The structure of this paper is organised as follows. We begin by clarifying the term visualisation. Section 2 examines why this modern technology is important in urban design and how designers can use this technique to fulfill their work requirements with examples in visual impact analysis. Section 3 focuses on how this technique can be applied to urban design modelling in details. Section 4 introduces Virtual Reality. Challenges in designing and constructing the databases are discussed in Section 5. We conclude this presentation by identifying areas that can benefit from this new technology along with remarks.
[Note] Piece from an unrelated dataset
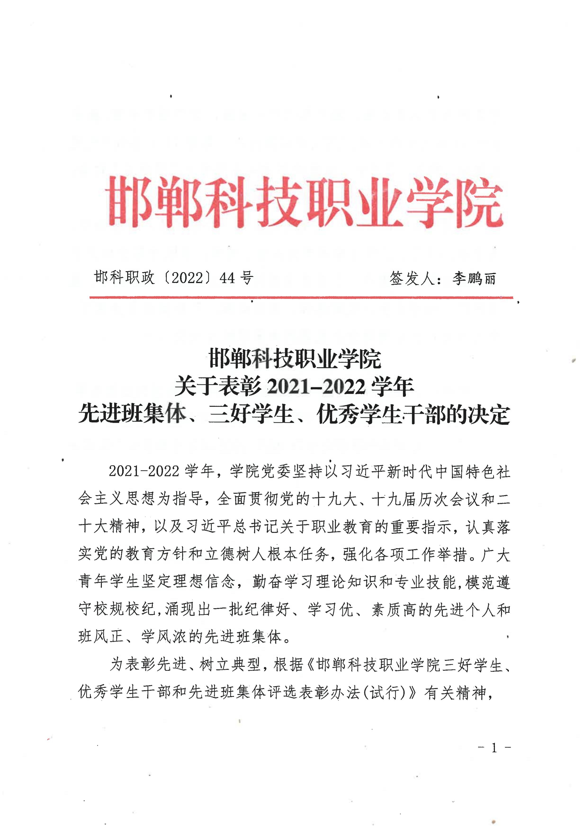 2021-2022先進(jìn)班集體、三好學(xué)生、優(yōu)秀學(xué)生干部名單

2. Visual impact analysis and visual simulation

Before we enter further discussions of real-time visualisation, we would like to point out some existing applications (though many of them may not be as dynamic as desired) already used in designers, planners and architects' practices in visual impact analysis (VIA) and visual simulation, which we believe are the closest connections between computer graphics and urban design. Visual impact analysis is often required to consider the (visual) impacts on surrounding environments posed by a proposed construction project before constructions can take place. Of various components required by VIA, visibility analysis is of particular importance. Overhead electrical transmission lines and the visual impacts of pylons on rural landscape are popular examples (e.g., Gross and Koglin, 1990; Whitelegg et al., 1981, etc.). This is an important application area because many countries now require environmental impact analysis for many large-scale construction projects. Visual impact analysis also is of particular interest to the public, for environmental amenity is of great value to their properties and community. Some well-illustrated books on this subject were given by McAulay (1988), Purdie (1983), Sheppard (1989), Evans (1984), and Smardon et al., (1986); however, as demonstrated by these books and research papers, the techniques used to analyse the visual impacts on surrounding environments are predominantly static and manual in nature. These commonly used techniques include photo simulation and retouching, though computerised techniques such as photomontage have been developed as well (e.g., Nakamae et al, 1986).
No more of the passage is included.